_Task_
Within the records that follow, restate exactly the lines from the line with "点开调试-数据调试,选择左边" down to the line with "黄金4小时图任然在下挫趋势当", including both. Omit the pictures.
BEGIN Study material
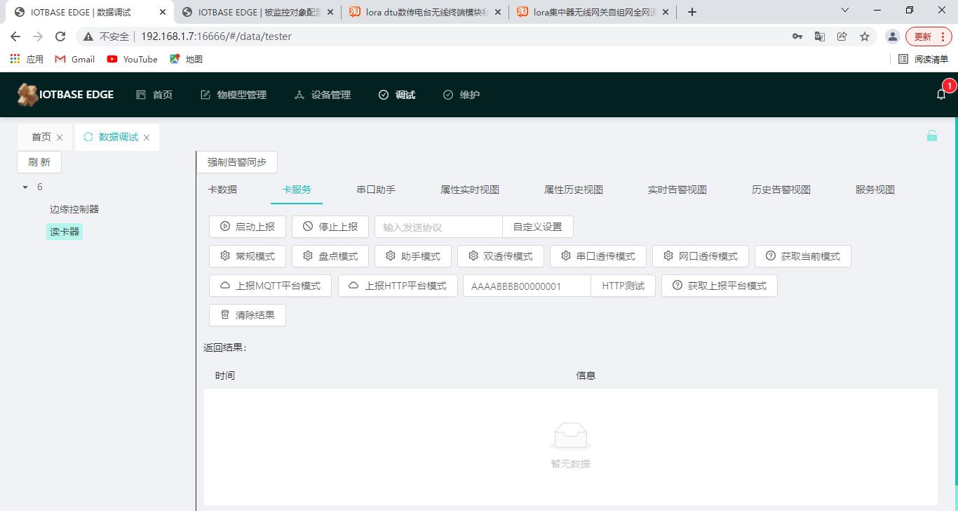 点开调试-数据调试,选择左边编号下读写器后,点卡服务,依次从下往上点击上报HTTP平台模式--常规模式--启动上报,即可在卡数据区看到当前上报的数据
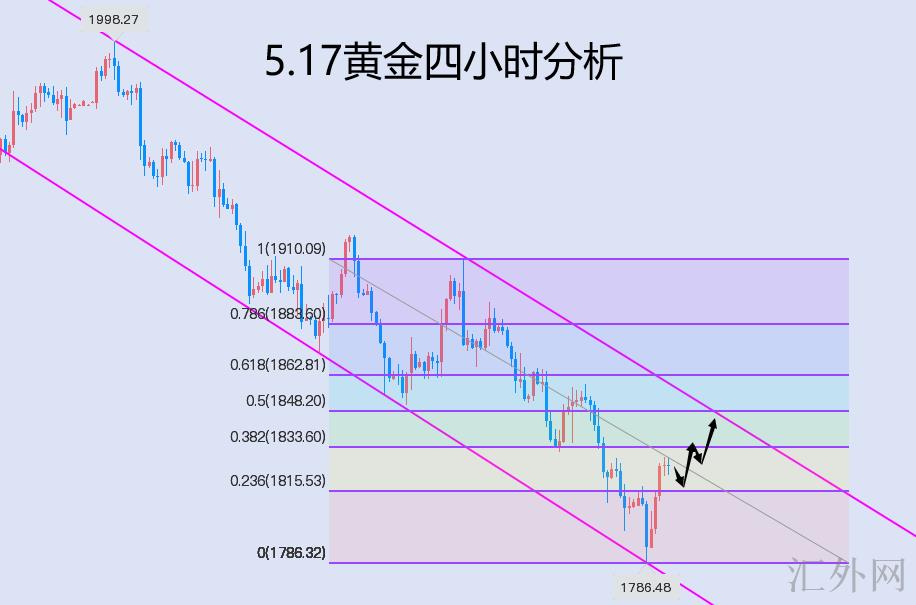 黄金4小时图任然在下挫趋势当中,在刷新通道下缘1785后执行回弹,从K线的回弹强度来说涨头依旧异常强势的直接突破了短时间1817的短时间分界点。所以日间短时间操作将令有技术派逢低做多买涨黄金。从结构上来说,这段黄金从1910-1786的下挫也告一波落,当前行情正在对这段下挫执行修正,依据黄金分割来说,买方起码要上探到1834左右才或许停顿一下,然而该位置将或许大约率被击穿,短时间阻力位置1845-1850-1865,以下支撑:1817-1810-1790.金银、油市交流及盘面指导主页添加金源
END Study material
BEGIN Study material
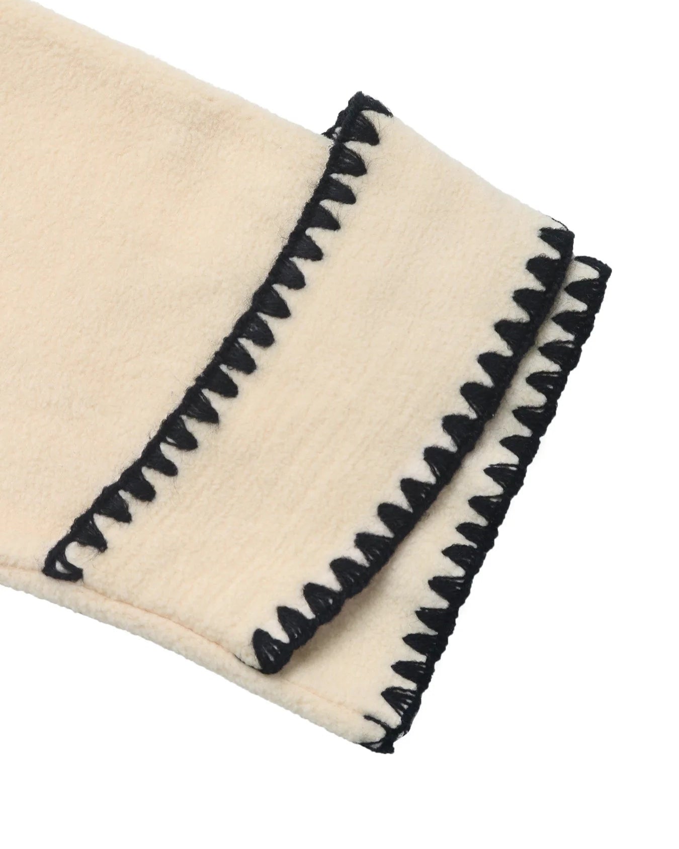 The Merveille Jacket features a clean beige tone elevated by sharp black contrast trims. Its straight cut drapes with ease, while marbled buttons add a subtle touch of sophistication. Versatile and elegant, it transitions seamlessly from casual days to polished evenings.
END Study material
_Answer_
 点开调试-数据调试,选择左边编号下读写器后,点卡服务,依次从下往上点击上报HTTP平台模式--常规模式--启动上报,即可在卡数据区看到当前上报的数据
 黄金4小时图任然在下挫趋势当中,在刷新通道下缘1785后执行回弹,从K线的回弹强度来说涨头依旧异常强势的直接突破了短时间1817的短时间分界点。所以日间短时间操作将令有技术派逢低做多买涨黄金。从结构上来说,这段黄金从1910-1786的下挫也告一波落,当前行情正在对这段下挫执行修正,依据黄金分割来说,买方起码要上探到1834左右才或许停顿一下,然而该位置将或许大约率被击穿,短时间阻力位置1845-1850-1865,以下支撑:1817-1810-1790.金银、油市交流及盘面指导主页添加金源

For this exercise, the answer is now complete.